If the prosecution is to rely upon a consent to enter a house, it has the burden of establishing that the police officers reasonably believed in good faith that they had the consent of a person authorized by the resident to give that consent. (People v. Roberts, 47 Cal.2d 374, 377 [303 P.2d 721]; see also People v. Johnson, 68 Cal.2d 629, 632 [68 Cal.Rptr. 441, 440 P.2d 921].) In the instant case, no attempt was made to establish such a belief, and the evidence clearly indicates that no such reasonable, good faith belief existed.
Lieutenant Olmos testified that, after he knocked on the door a second time, he heard a male and female voice say, almost simultaneously, “Come in,” and that he thereupon opened the door and entered. He never suggested that he believed either voice belonged to one of the residents; indeed, he must have known that the female voice could not have belonged to a resident, since he had been informed by Chief Graefe that the residents were males. And it is not reasonable to assume, without more, that every person present at a large party is authorized by the resident or residents to consent to entry by others. “There is no reasonable basis for a general assumption that every person who happens to be in a house has authority to permit police officers to do acts on the premises which they could not legally do without such permission.” (People v. Carswell, 149 Cal.App.2d 395, 401 [308 P.2d 852] [holding that police officers could not reasonably and in good faith believe that a man who was painting the premises and who opened the street door when the officers knocked was authorized to permit the officers to enter]; see also People v. Jennings, 142 Cal.App.2d 160,168-169 [298 P.2d 56].)

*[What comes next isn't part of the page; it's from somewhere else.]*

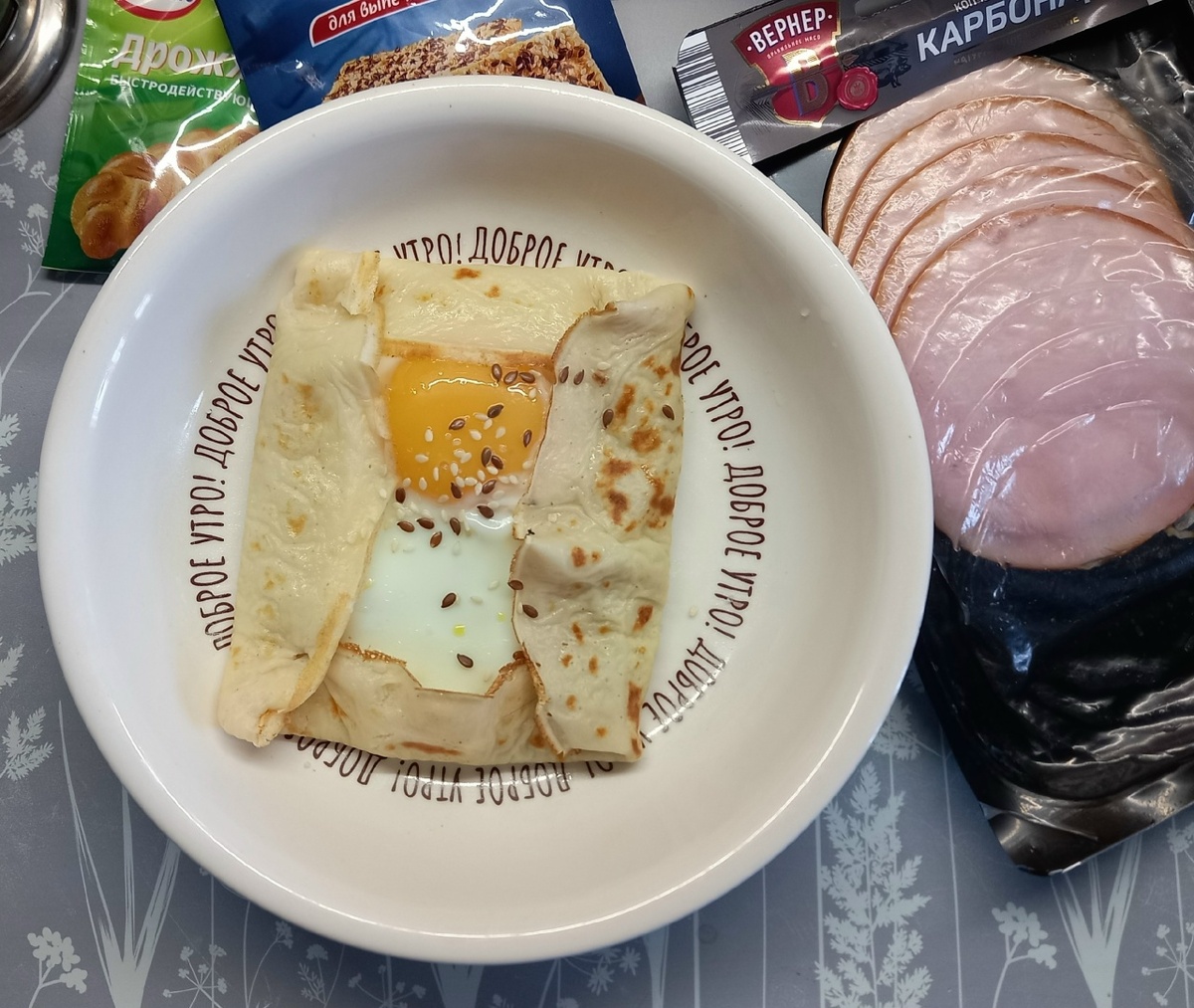 В Масленицу даже на завтрак блины! Все очень просто, если сделать блинную заготовку вечером, а утром с пылу-жару подать блинчики с сытной начинкой. Выбирайте тесто на блины по вкусу: на кефире, на молоке, на дрожжах. У меня на дрожжах: На блинчик кладем карбонад. На него - жареное яйцо. Заворачиваем края и посыпаем кунжутом. Если такой блинчик собирать на сковороде и дать ему немножко подпечься, то получите вкусную хрустящую корочку снизу. Завтрак на Масленицу готов без лишних усилий и кучи ингредиентов. Подаем горячим к ароматному кофе! Будье здоровы и вкусных вам посиделок!

Lieutenant Olmos could not tell whether the three men. who preceded him into the house were admitted into the house by those within or opened the door and entered themselves. As far as he knew, they could have been the residents or close friends who were authorized to, and did, enter without an invitation. Thus it cannot be argued that Lieutenant Olmos could reasonably have believed that he was admitted in an authorized manner because he was admitted in the same manner in which he observed the three men to be admitted.
Since the prosecution did not sustain its burden of establishing that Lieutenant Olmos reasonably and in good faith believed that he had the consent to enter of a person or persons authorized to give that consent, the consent *15is invalid, and, as such, cannot serve to dispel the “taint” inherent in the illegal search at the windows.
In sum, the officers violated petitioners’ constitutional right to privacy by looking through the windows while trespassing in the shrubbery outside—as the majority assume. Since the only evidence upon which the arresting officer relied to arrest petitioners and their guests was that obtained by such illegal observations, the arrests and the incidental search of the house are tainted and therefore invalid. Moreover, even if the arresting officer had in fact relied on the odor of marijuana smoke to make the arrests—as the majority incorrectly presume despite the officer’s express statements to the contrary—the consent to his entry was invalid and therefore could not serve to dispel the “taint” flowing from the illegal search at the window.
I would issue mandate.
The application of petitioner Mann for a rehearing was denied September 3, 1970. Peters, J., was of the opinion that the petition should be granted.
For example, if the police were in hot pursuit of an armed suspect whom they knew had taken refuge in one of several houses, they might well be justified in making an exploratory search of those houses in the manner held unlawful here. Such a search would presumably be reasonable in light of the imminent danger to themselves and to innocent citizens.